On Tue, 11 Mar 2025 14:46:40 GMT, Jaikiran Pai <j...@openjdk.org> wrote:

>> Can I please get a review of this change which proposes to fix an issue 
>> `java.util.zip.ZipFile` which would cause failures when multiple instances 
>> of `ZipFile` using non-UTF8 `Charset` were operating against the same 
>> underlying ZIP file? This addresses 
>> https://bugs.openjdk.org/browse/JDK-8347712.
>> 
>> ZIP file specification allows for ZIP entries to mark a `UTF-8` flag to 
>> indicate that the entry name and comment are encoded using UTF8. A 
>> `java.util.zip.ZipFile` can be constructed by passing it a `Charset`. This 
>> `Charset` (which defaults to UTF-8) gets used for decoding entry names and 
>> comments for non-UTF8 entries.
>> 
>> The internal implementation of `ZipFile` uses a `ZipCoder` (backed by 
>> `java.nio.charset.CharsetEncoder/CharsetDecoder` instance) for the given 
>> `Charset`. Except for UTF8 `ZipCoder`, other `ZipCoder`s are not thread safe.
>> 
>> The internal implementation of `ZipFile` maintains a cache of 
>> `ZipFile$Source`. A `Source` corresponds to the underlying ZIP file and 
>> during construction, uses a `ZipCoder` for parsing the ZIP entries and once 
>> constructed holds on to the parsed ZIP structure. Multiple instances of a 
>> `ZipFile` which all correspond to the same ZIP file on the filesystem, share 
>> a single instance of `Source` (after the `Source` has been constructed and 
>> cached). Although `ZipFile` instances aren't expected to be thread-safe, the 
>> fact that multiple different instances of `ZipFile` could be sharing the 
>> same instance of `Source` in concurrent threads, mandates that the `Source` 
>> must be thread-safe.
>> 
>> In Java 15, we did a performance optimization through 
>> https://bugs.openjdk.org/browse/JDK-8243469. As part of that change, we 
>> started holding on to the `ZipCoder` instance (corresponding to the 
>> `Charset` provided during `ZipFile` construction) in the `Source`. This 
>> stored `ZipCoder` was then used for `ZipFile` operations when working with 
>> the ZIP entries. As noted previously, any non-UTF8 `ZipCoder` is not 
>> thread-safe and as a result, any usages of `ZipCoder` in the `Source` makes 
>> `Source` not thread-safe too. That effectively violates the requirement that 
>> `Source` must be thread-safe to allow for its usage in multiple different 
>> `ZipFile` instances concurrently. This then causes `ZipFile` usages to fail 
>> in unexpected ways like the one shown in the linked 
>> https://bugs.openjdk.org/browse/JDK-8347712.
>> 
>> The commit in this PR addresses the issue by not maintaining `ZipCoder` as a 
>> instance field of `Source`. Instead the `ZipCoder` is now mainta...
>
> Jaikiran Pai has updated the pull request incrementally with one additional 
> commit since the last revision:
> 
>   tiny typo fix in newly introduced documentation

@jaikiran I looked over this and added some comments. Some or most may be 
personal preference, take whatever you find useful. (Not a Reviewer)

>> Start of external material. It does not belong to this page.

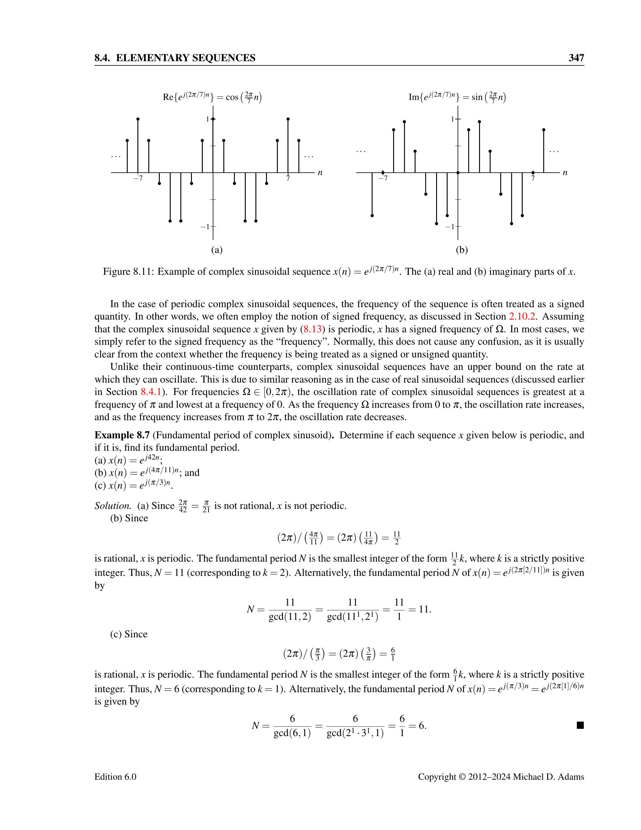 8.6 证明形如 \(x(n)=e^{j(2 \pi \ell / m) n}\) 的复正弦序列的基本周期 \(N\) 为 \(N=\frac{m}{\operatorname{gcd}(\ell, m)}\),其中 \(\operatorname{gcd}(\ell, m)\) 表示 \(\ell\) 与 \(m\) 的最大公约数。
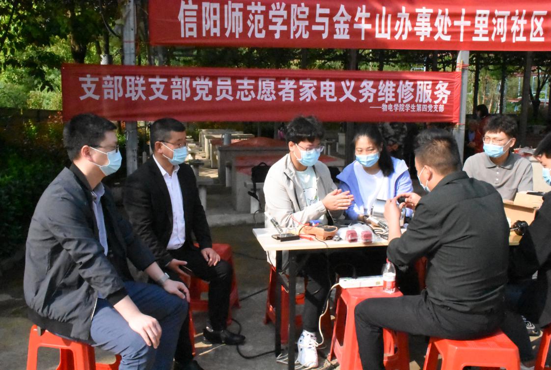 为更好发挥支部战斗堡垒作用、提升党员干部能力作风,践行全心全意为人民服务的宗旨,4月23日,物电公司员工党支部与金牛山办事处十里河社区党支部在金牛山文化公园开展“支部联支部”党员志愿者家电义务维修活动。金牛山办事处十里河社区党支部书记张俊峰、物电公司员工第四党支部书记张康华和两个党支部的党员参加了活动。

src/java.base/share/classes/java/util/zip/ZipFile.java line 86:

> 84:     private final String fileName;     // name of the file
> 85:     // the ZipCoder instance is derived from the Charset passed to the 
> ZipFile constructor
> 86:     // and will be used for decoding the non-UTF-8 entry names and the 
> ZIP file comment.

Maybe a personal preference, and perhaps I'm too intimitely familiar with this 
code, but I feel this field comment is overly verbose. 

Not sure how useful it is to document what the instance is derived from, it's 
not something we do for other fields and maintainers can always inspect the 
constructor to find out how it's being assigned.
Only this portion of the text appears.